Divided by Faith by Michael O. Emerson and Christian Smith
One author may be familiar to the reader. Christian Smith is famous among evangelicals for coining the term “Moralistic Therapeutic Deism” to describe the state of American Evangelicalism. This book, co-written with Michael Emerson, seeks to explore the issue of race in evangelicalism and how race divides the church today. While there are many aspects worthy of greater reflection, I wanted to highlight one concept worth considering:
Early in the book, the authors posit their position that America is a “racialized society.” By this term they mean:
“In the post-Civil Rights United States, the racialized society is one in which intermarriage rates are low, residential separation and socioeconomic inequality are the norm, our definitions of personal identity and our choices of intimate associations reveal racial distinctiveness, and where 'we are never unaware of the race of the person with whom we interact.'” [page 7]
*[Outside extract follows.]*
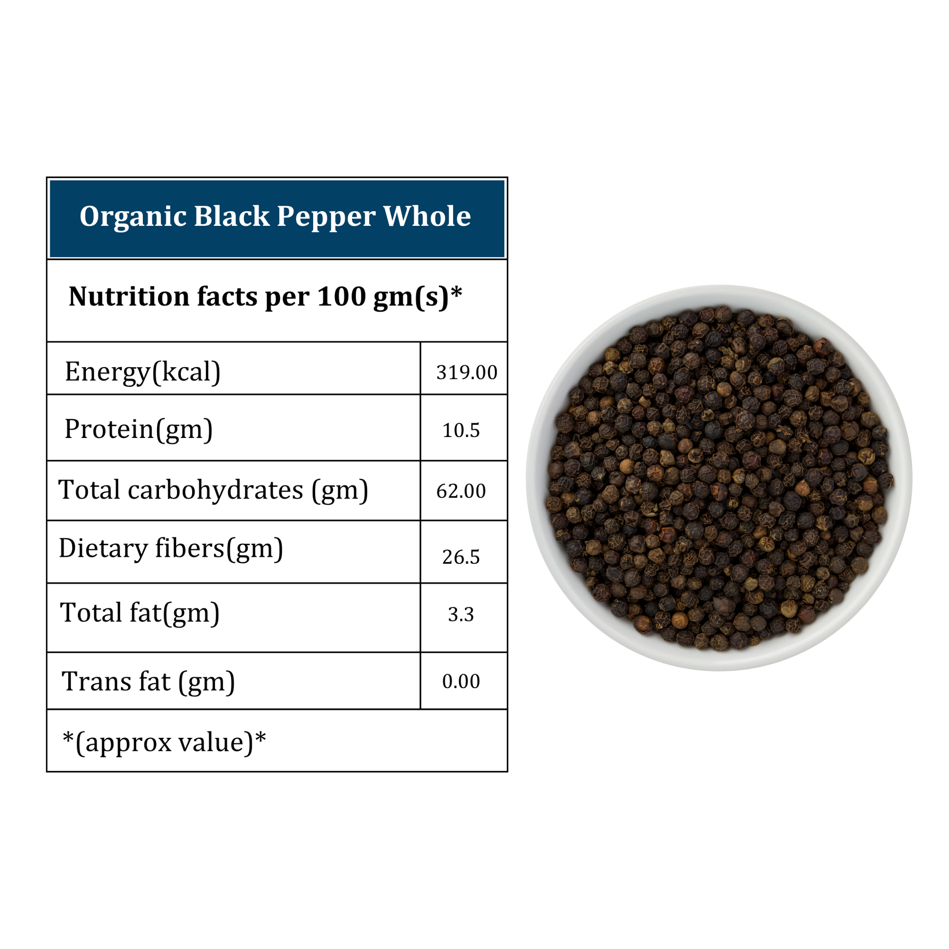 Organic Soul Black Pepper Whole – 100gm | 100% Certified Organic | Non-GMO

They also posit that race is a social construct. Many people say that, but it is refreshing that “social construct” has specific meaning - firstly that race is used to classify people (where foot size or ear shape is not) and secondly that race as social meaning.
In both of these observations they are just that: the reality as they observe it, not as it ought or ought not be. To talk about race is not to say that race should matter in the ways it does today, just that it does matter. There is much in the way of exposition and example of this, and how our racialized society leads to disparate results and institutionally affects individuals differently based on their race. I will not get into the detail, rather commend the book for how this displays itself. However, I will focus on just this one application:
APPLICATION: No one is colorblind. It has been popular to say “I don't see race.” However, only a blind man can say that with honesty. And even a blind man will notice differences in culture: language, concerns, attitudes, etc. Race has been associated in our minds with culture. And when cultures are different, we treat others differently. The authors are right that we live in a “racialized” society, for good or ill.
Which leads to this conclusion: We should not be color-blind, but race conscious. This isn't being a “social justice warrior” or someone that “raises awareness” for its own sake. But we should be aware when racialization causes us to act in sinful ways: needless separation, stereotyping, excluding, or just not venturing out in love.
To say “I am color blind” is actually a sort of “virtue-signaling.” It says something about how you see yourself, but not how 1) the world actually exists or 2) How you really see the world. No one is color blind in a racialized society. And it effects the church too.
This post is in part an encouragement to read the book, and I would recommend you do so with this reservation – Emerson and Smith seem quick to say the job of the church is to be involved in political movements to reform various laws that cause disparate racial consequences.
As a firm believer in the mission of the church as Word, Sacrament and Prayer – I would not say the church has nothing to say about race. Indeed, when we preach Ephesians 2:11-22, or Galatians 3:28, we better have something to say because Scripture has something to say. Yet, each person lives out their faith in their particular vocation. For a pastor to dictate, for example: specific and detailed legislation, is just as wise as a politician giving the Sunday Sermon, or for my CPA to perform an appendectomy. That's not their vocation.
But to conclude, this should inform those considering the upcoming PCA GA debate on race that indeed, this IS a needed and relevant topic. And if you claim you are “color-blind” odds are you are actually lying, firstly to yourself and secondly to others.
To conclude: our society has created institutions, actions, and conclusions based on race. Addressing them is not a matter of pretending they don't exist, but deal with reality as it exists, not as we wish it were.